## TASK
Write out every line exactly, from the start of the records below to the line with "[다잇템_패션]여자 V넥 슬리브리스 롱슬리브 코디 슬릿 니트", and stop there. Don't write out the pictures.

Start of DATASET EXCERPTS

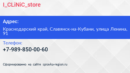 I_CLiNiC_store по адресу Краснодарский край, Славянск-на-Кубани, улица Ленина, 91 в дальнейшем Организация, размещена в следующих категориях:
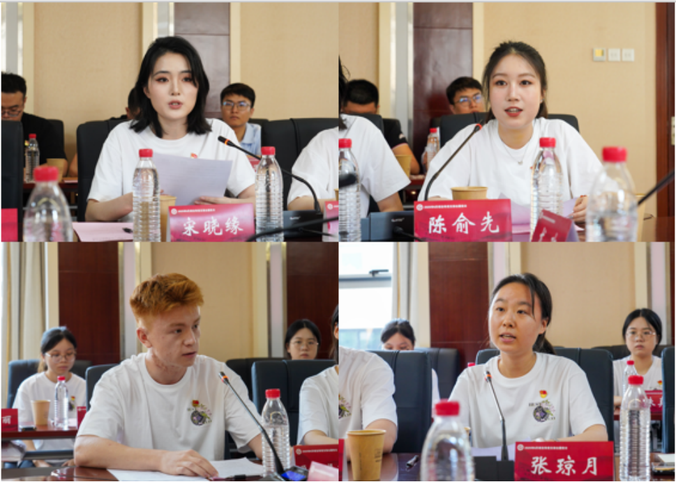 胡吉伟党支部书记尹轩汇报了党支部建设情况,用“成长、蜕变、接力”三个关键词,展示了支部“党建带动班团建设”的成果,表明支部在新时代继续赓续英雄精神,团结奋进的决心。
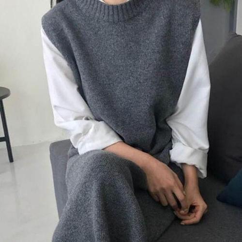 [다잇템_패션]여자 V넥 슬리브리스 롱슬리브 코디 슬릿 니트
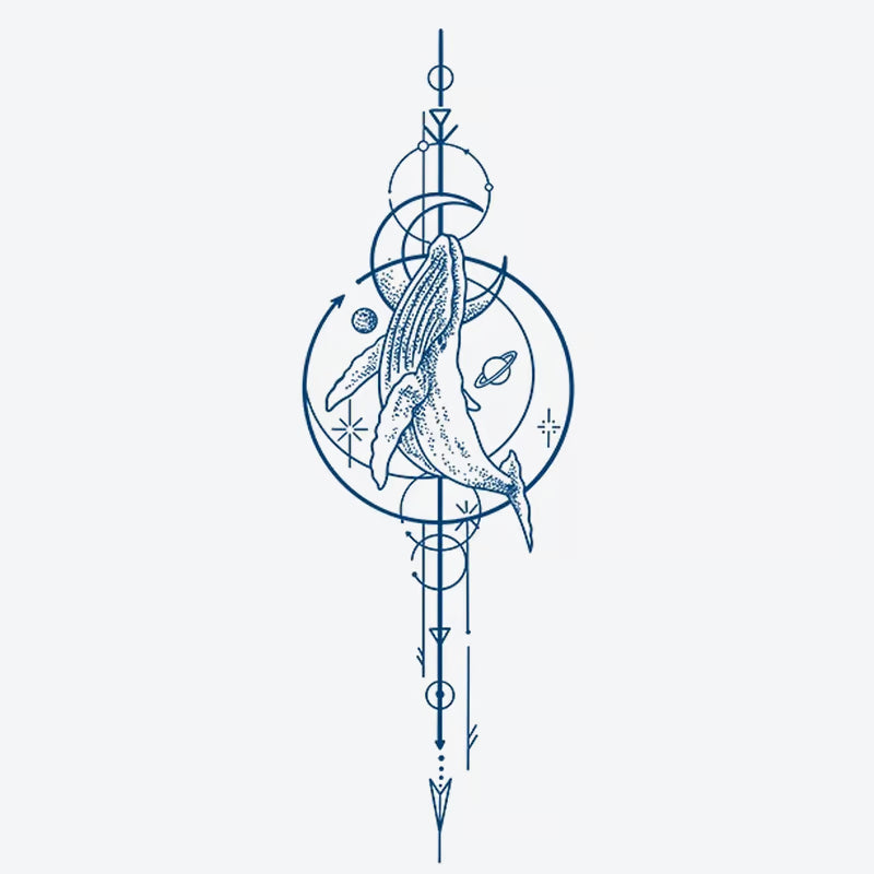 Dive into the cosmic depths with this whale cosmic mandala tattoo, featuring minimalist details and a mystical vibe. It's a long-lasting, waterproof temporary tattoo crafted with vegan ink.
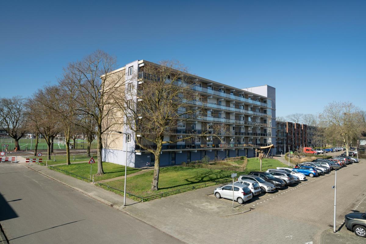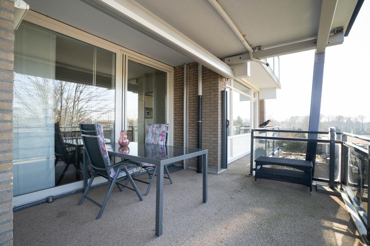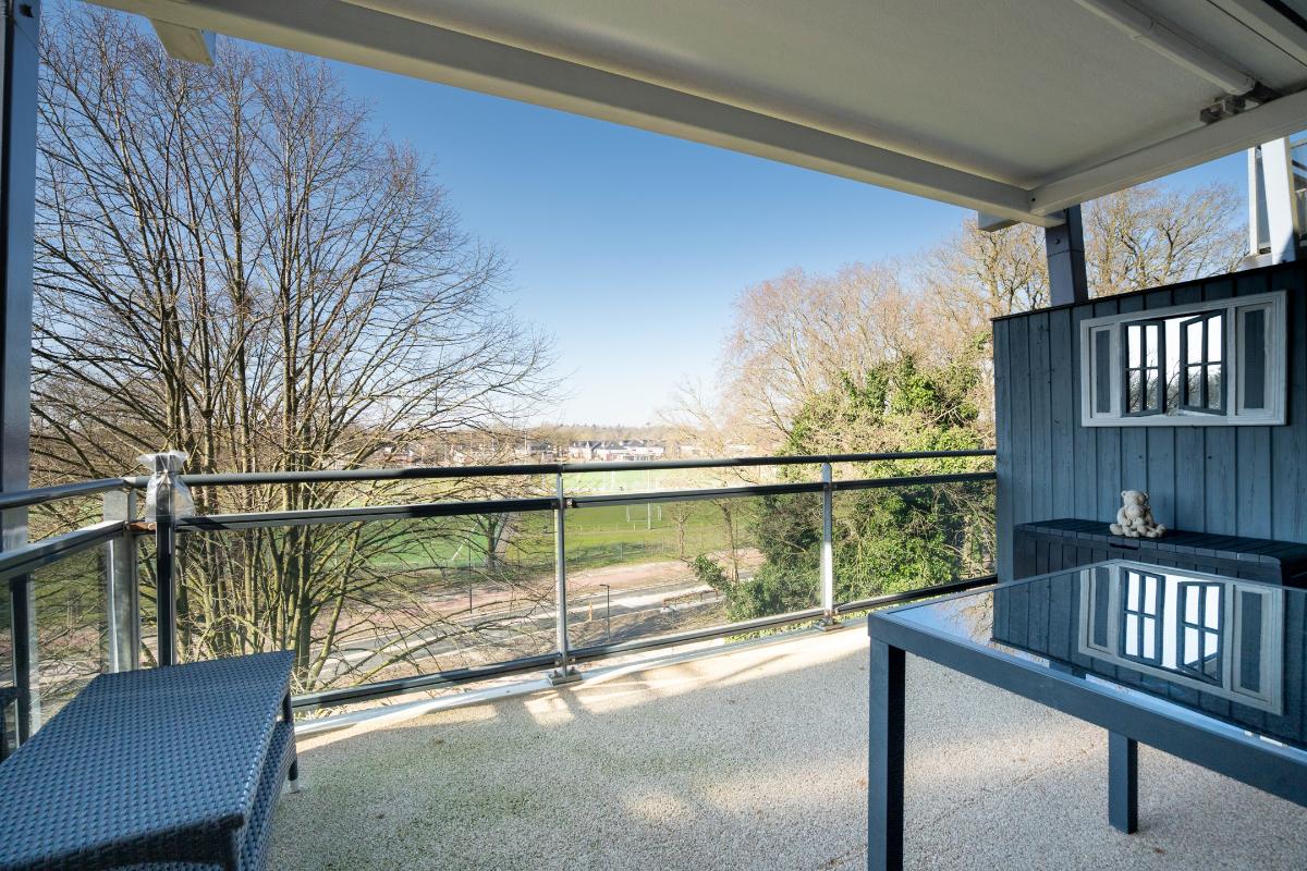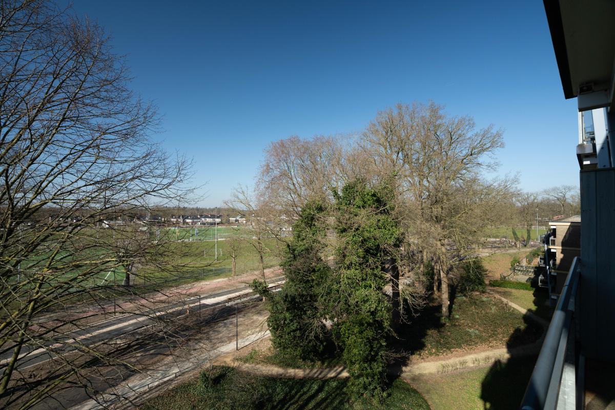 Vanuit zowel de woonkamer als de keuken ervaart u een prettig contact met buiten. Het balkon is royaal van formaat en biedt een fijne plek om beschut te zitten. Daarnaast is hier ook een vaste kast aanwezig, ideaal voor het opbergen van bijvoorbeeld kussens, schoonmaakspullen of andere praktische zaken. Door de ligging kijkt u prettig weg over de omgeving en richting de sportvelden, wat zorgt voor een vrij en levendig uitzicht.

End of DATASET EXCERPTS

## RESULT
 I_CLiNiC_store по адресу Краснодарский край, Славянск-на-Кубани, улица Ленина, 91 в дальнейшем Организация, размещена в следующих категориях:
 胡吉伟党支部书记尹轩汇报了党支部建设情况,用“成长、蜕变、接力”三个关键词,展示了支部“党建带动班团建设”的成果,表明支部在新时代继续赓续英雄精神,团结奋进的决心。
 [다잇템_패션]여자 V넥 슬리브리스 롱슬리브 코디 슬릿 니트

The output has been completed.